Army Builds up Ammunition Reserves for 10 Days

Indian Army

New Delhi: With the Army having reserves for a 10-day “intense war” with Pakistan, it is now focusing on equipping its arsenal for any possible conflict with China, according to a media report.

Efforts are already under way to bolster the Army’s War Wastage Reserve (WWR) ammunition for “30 days of intense war” along the northern and eastern borders, the report said quoting defence sources.

WWR refers to ammunition reserves that can sustain a 40-day intense war or a full-scale war. However, building such a large reserve is a herculean task, not just because of the money involved but also logistically.

Therefore, when the Army vice-chief was given emergency powers to buy critical ammunition and arms following the 2016 Uri attack, it was decided to focus on a 10-day intense war with Pakistan to begin with.

“My focus was to build more reserves. We had an internal discussion and decided to focus on 10 I (10 days of intense war) along the western border,” Gen Rawat had said in an interview earlier this month. “If we can’t win a war with Pakistan in 10 days, there is no point of a war.”

Ammunition shortage has been a pressing concern for the Army over the years, and has also been flagged by the Comptroller and Auditor General (CAG) in the past.
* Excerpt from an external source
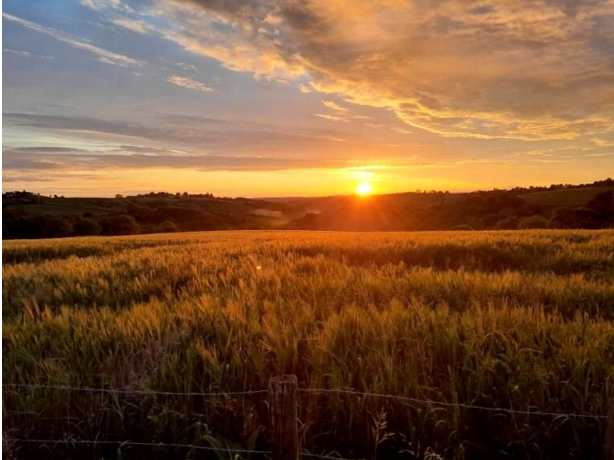
Coucher de soleil sur la vallée du Gintou La Bessière de Meljac 11mai 2025

When General Bipin Rawat took over as Army chief in 2016, the force did not even have one armour-piercing fin-stabilised discarding sabot (APFSDS) for each tank in the Indian inventory. Each round costs about Rs 4 lakh.

Artillery shells and fuses were another area of serious concern.

Following the Uri attack, the government realised the Army was really short of ammunition, and any long-term response by Pakistan to India’s surgical strike would put Indian forces under pressure.

With the vice-chief subsequently empowered to purchase critical ammunition and arms, the Army has been on a shopping spree.

Overnight, senior officers were sent by special aircraft to various countries, including Russia and Israel, and massive stocks procured, some at very high rates.

“You won’t believe the amount of visits the officers have undertaken in markets across the world,” Gen Rawat said. “A fresh batch of ammunition is set to come very soon. We have really focussed on building our ammunition stock, including for the artillery.”

In March 2018, the defence ministry also enhanced the financial powers of the three vice-chiefs from Rs 100 crore to Rs 500 crore for specific procurement of arms and ammunition. This was increased by another Rs 300 crore this year as a one-time move.

Gen Rawat said any possible war with China is unlikely to be a sustained conflict lasting days.

According to him, the Chinese will first focus on pulverising Indian command, control and logistics centres with missiles rather than fighting a full-fledged intense war in the initial stages.

Unlike Pakistan, he said, a possible future war with China will be long-drawn, instead of being a sustained, intense operation.

He said with the digitisation of the entire system, the Army headquarters and departments concerned knew exactly how much ammunition was where.

The Army chief, however, ruled out the possibility of any war at the moment, adding that small incidents like the recent standoff at Ladakh will keep happening because of differences in perception about the Line of Actual Control, the border between India and China.

“The Chinese have got a vision and a plan. I don’t think they are going to come in and do anything at this moment,” he said. “These pricks (the NDA government’s decision to make Ladakh a separate union territory) will not make them waver from their plan. They know when they have to do something. These small skirmishes will happen.”

He added that it was high time India created deep reserves.

“We are restructuring… We should create reserves, use technology for surveillance on the border,” he said.

The Army chief also claimed border infrastructure activities had gathered momentum since the induction of Chinook helicopters this year and the development of new Advanced Landing Grounds (ALGs).

He said the procurement of 145 light-weight M777 howitzers from the US was being done with warfare on mountainous terrain in mind. These howitzers, he added, can easily be airlifted with a Chinook and moved from one location to another.